А она вырываться стала.
– Пусти, – вдруг сказала серьезно, – чего лапаешь? Пусти, говорю.
Растерялся Святослав, объятья ослабил. Вскочила она, сарафан оправила, взглянула на Святослава строго. Каган так и остался сидеть. Глазами на нее лупырит, а что такого плохого сделал, понять не может.
А она на несколько шагов отошла, улыбнулась, крикнула:
– Обхитрили дурачка, словно старого сморчка! – язык показала и побежала вдоль берега.
– Эй! – вдогонку ей каган. – Не по Прави так! Твоя очередь меня пятнать! – поднялся и вслед заспешил.
«Растет сестренка», – подумалось мне.
– Добрый, – смотрю, от ладьи Ольгиной мне ратник машет, – тебя княгиня зовет. Дойдешь сам, или подсобить тебе?
– Справлюсь, – сказал я, вздохнул, ложку обратно за голенище спрятал. – И чего ей понадобилось?

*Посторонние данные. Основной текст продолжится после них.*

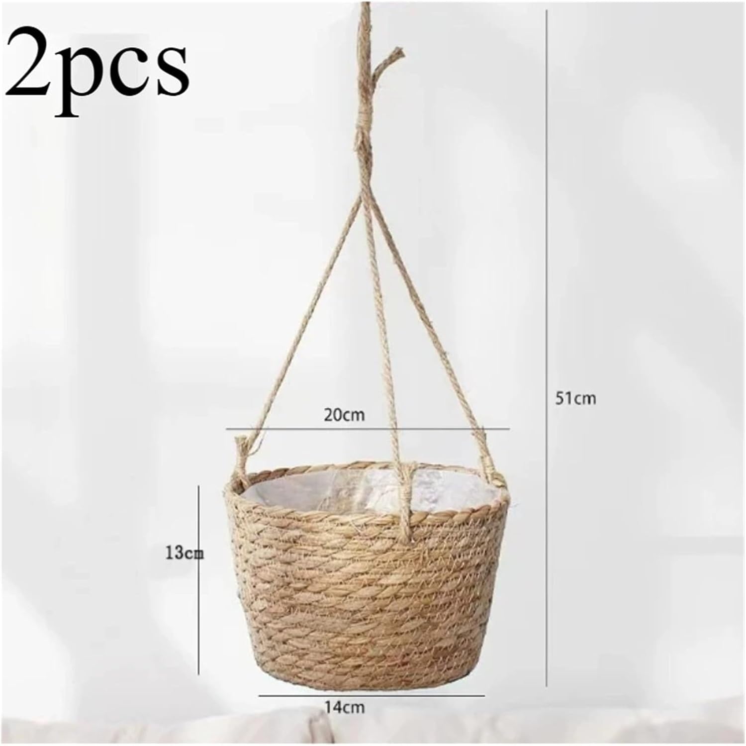 2pcs Gardening Flower Pot Hanging Basket Garden Hanging Planter Macrame Plant Storage Basket Indoor Outdoor Flower Pot HolderProduct name: Flower pot hanging basketProduct material: straw wovenProduct size: as shown belowTip: Due to the different measurement tools and measurement standards, there are slight errors in size. Please refer to the actual object.All photos are taken in real objects, but due to shooting technology/ambient light/display color difference, etc., the picture may have a slight color difference between the actual object. Please refer to the color of the actual object in the end.==========High-concerned chemical : NoneDear Customers, welcome to our store.We truly appreciate you selecting our products and services. Our team has always been dedicated to delivering items that align with their listed descriptions, along with attentive customer support. You can conveniently pick out the perfect products based on your specific needs and preferences.Should you have any questions while browsing our listings or completing your order, please don’t hesitate to reach out to us through the Amazon Buyer-Seller Messaging Service. We will respond to your inquiries with clear answers as promptly as possible.Thank you once again for your trust in our store. We hope you enjoy a smooth and satisfying shopping experience with us!
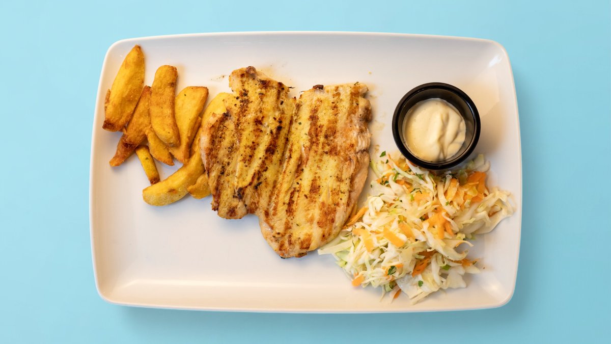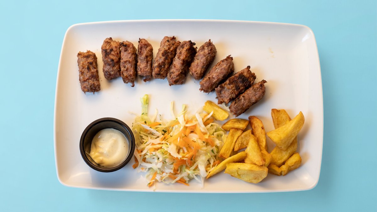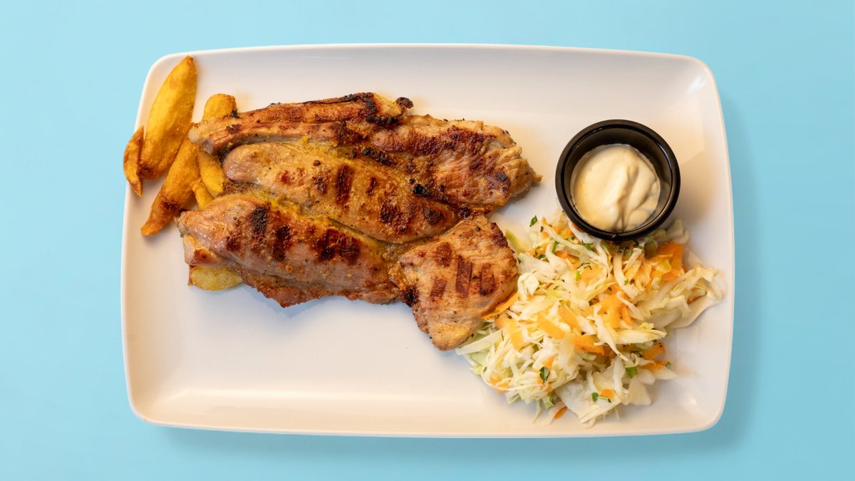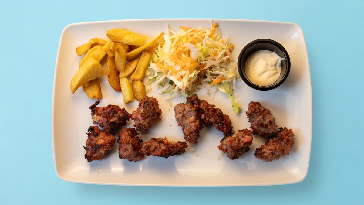 Гарнитурата към скарата е домашни пържени картофи, салата зеле и моркови и домашна сръбска майонеза. В цената на всяко ястие е включена кутия.

Вот-вот уха поспеет.
На ладье палатка была приспособлена. Шатерчик небольшой. В шатре этом и обитала княгиня Ольга. Я полог откинул, и в нос мне ударила отвратительная вонь. Словно мясо на солнце положили да и забыли про него. Я подивился – Соломон-то лекарь, ему такое не в диковинку, а как же Ольга такую вонь выносить может?
На постели княжеской лежал Андрей-рыбак. Был он раздет, только чресла его прикрывала беленая поволока. Заостренные скулы, покрытый крупными каплями испарины лоб, всклоченная бороденка, слипшиеся космы волос, изможденное тело и непомерно распухшие, почерневшие руки и ноги, горячечный блеск в глазах – таким стал за эти дни мой давний знакомец. Мухи роем вились над ним. Жужжали тревожно. И показалось мне на миг, словно это Кощей из Пекла на Свет белый вылез, но прогнал я от себя виденье. Жалко мне старика стало. До слез жалко.
Ольга сидела рядом, отгоняла веточкой от Андрея мух и, казалось, вони тошнотворной не замечала.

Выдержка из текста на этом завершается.